# BBQ Evening



## Andy Capp (Oct 5, 2008)

Anyone fancy one, sun mon or tues night (NOT this week!), If I recall there's a place in Jumeriah in Dubai mariune Club where you can basically cook your own - and there's a beer tap on the table too - used to be the Alamo.

Anyone up for it?

This is by special request btw!


----------



## Jynxgirl (Nov 27, 2009)

Well, if you are going on vacation the following week.. what week would that be exactly ? 

I am in... Could we not have the creeps come along? Maybe a secret handshake?


----------



## Andy Capp (Oct 5, 2008)

Jynxgirl said:


> Well, if you are going on vacation the following week.. what week would that be exactly ?
> 
> I am in... Could we not have the creeps come along? Maybe a secret handshake?

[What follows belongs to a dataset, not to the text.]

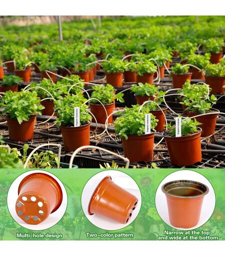 [Inclus dans le produit] : Vous recevrez 100 pot semis + 100 étiquettes de plantes (10*2cm), la taille des pot de fleur plastique est de 10cm de calibre supérieur*6,5cm de diamètre inférieur*8,5cm de hauteur. Cette pot plastique plante est parfaite pour les amateurs de jardinage pour faire pousser des semis et cultiver des plantes succulentes dans les jardins domestiques, les balcons, les serres en verre.[Longue durée d'utilisation] : Le petit godet semis est fabriqué en plastique de haute qualité, léger mais super durable, robuste et durable, d'épaisseur moyenne, pas facile à déformer et à casser, doux, lavable et . Même à l'extérieur, les jardiniere plastique peuvent résister au temps et aux intempéries et rester au soleil pendant des années sans devenir cassantes.[Excellent drainage et facilité de transport] : Les trous de drainage à mailles multiples au fond de ces godets de repiquage offrent une excellente respirabilité et un bon drainage, protégeant la santé du système racinaire et réduisant le problème de la flexion des racines ou de la pourriture. Les pot fleur plastique peuvent retenir l'humidité et la température, ce qui améliore les taux de germination et de survie. Les plantes peuvent être retirées intactes lorsqu'elles sont transplantées à un autre endroit.[Cadeau pour les amoureux du jardinage] : Les pot pour semis au design mat et simple sont d'excellents cadeaux pour les amateurs de jardinage, idéaux pour les anniversaires, noël et pâques.La pot de semis peut faire pousser une variété de plantes vertes ou de fleurs, telles que des succulentes, des semis, des fruits, des légumes, des légumes verts.[Large application] : La pot en plastique convient à de nombreuses saisons de culture et de plantation. La pots pour semis convient pour faire pousser des plantes, planter des graines, faire pousser des semis, des plants de légumes à racines super tendres, des boutures ou des greffons. Vous pouvez l'utiliser pour faire pousser des fleurs, des légumes verts, des fruits ou des légumes, parfaits pour le jardinage, les jardins, les fermes, les vergers et plus encore. Ces pot culture peuvent également être utilisés comme pots décoratifs pour les plantes d'intérieur et d'extérieur, décor idéal pour les plantes d'intérieur. ...
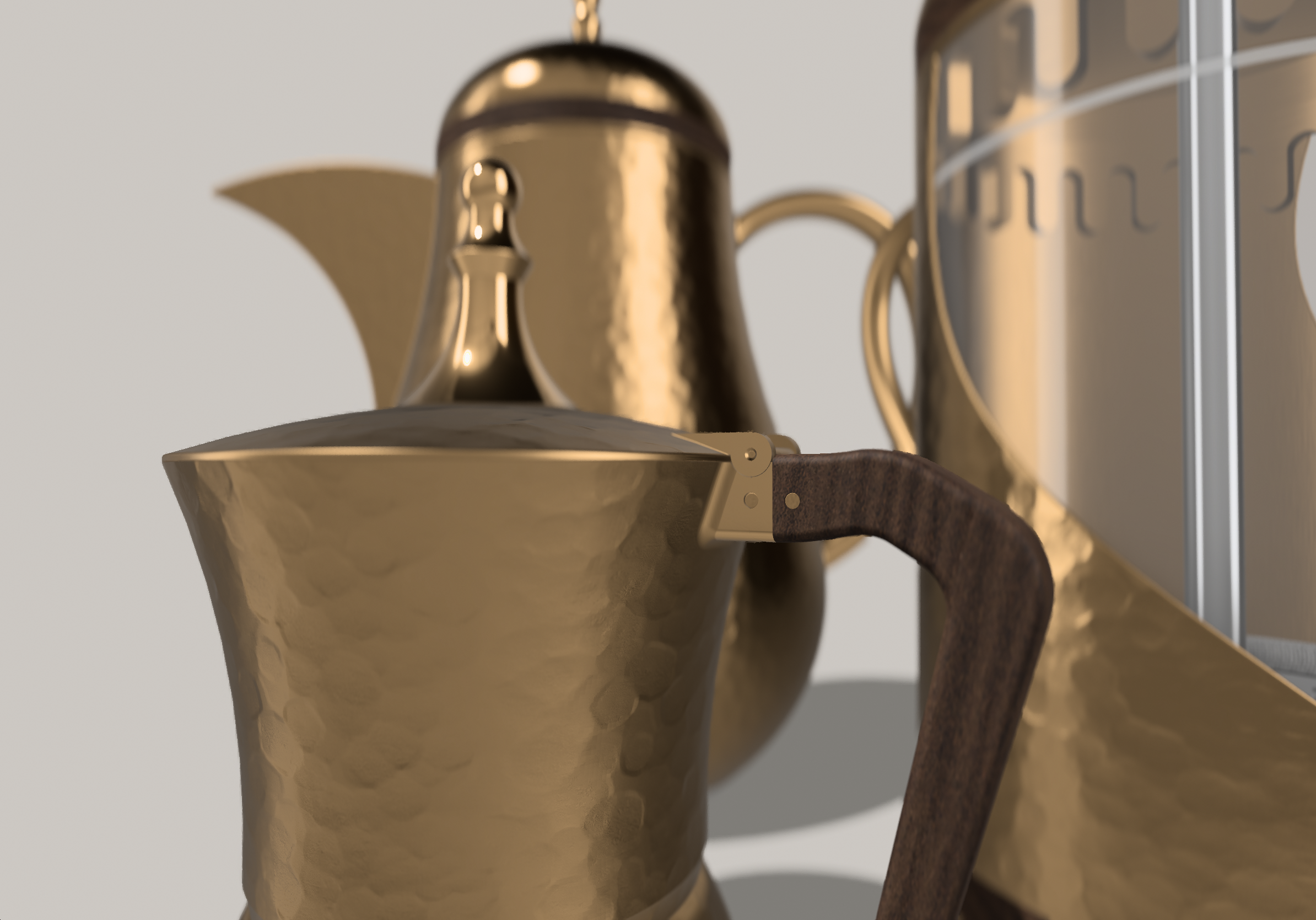 Inspired by the traditional Arabic dallah, the pieces use brass and walnut and rely on an induction hob rather than built-in electronics, combining cultural heritage with functional restraint.

But this is open to all - even Americans! i couldn't possibly say no just cos they're creeps!


----------



## SBP (Jan 4, 2010)

Going on this site no one would turn up if that was the criteria!!


----------



## Jynxgirl (Nov 27, 2009)

So funny that you say that.. and you have that you are from puerto rico!


----------



## Andy Capp (Oct 5, 2008)

Jynxgirl said:


> So funny that you say that.. and you have that you are from puerto rico!


Don't believe everything you read on the internet hun!

I'm actually a girl called Tracey!


----------



## Jynxgirl (Nov 27, 2009)

I will keep that in mind Tracey...


----------



## Elphaba (Jan 24, 2008)

Andy Capp said:


> Don't believe everything you read on the internet hun!
> 
> I'm actually a girl called Tracey!



If only the truth was half as glamorous...


----------



## SBP (Jan 4, 2010)

That explains the intelligence levels!!


----------



## cautious_mover (Dec 9, 2009)

SBP said:


> That explains the intelligence levels!!


I will try to make it as I am new in town...what constitutes being a creep ?? Would one have to be in a cage, wearing a mankini and shouting random words and making beckoning hand gestures ? If so, I will leave the cage at home !


----------



## SBP (Jan 4, 2010)

cautious_mover said:


> I will try to make it as I am new in town...what constitutes being a creep ?? Would one have to be in a cage, wearing a mankini and shouting random words and making beckoning hand gestures ? If so, I will leave the cage at home !


Does that mean you will still wear the mankini , shout random words and do hand gestures?:tongue1:


----------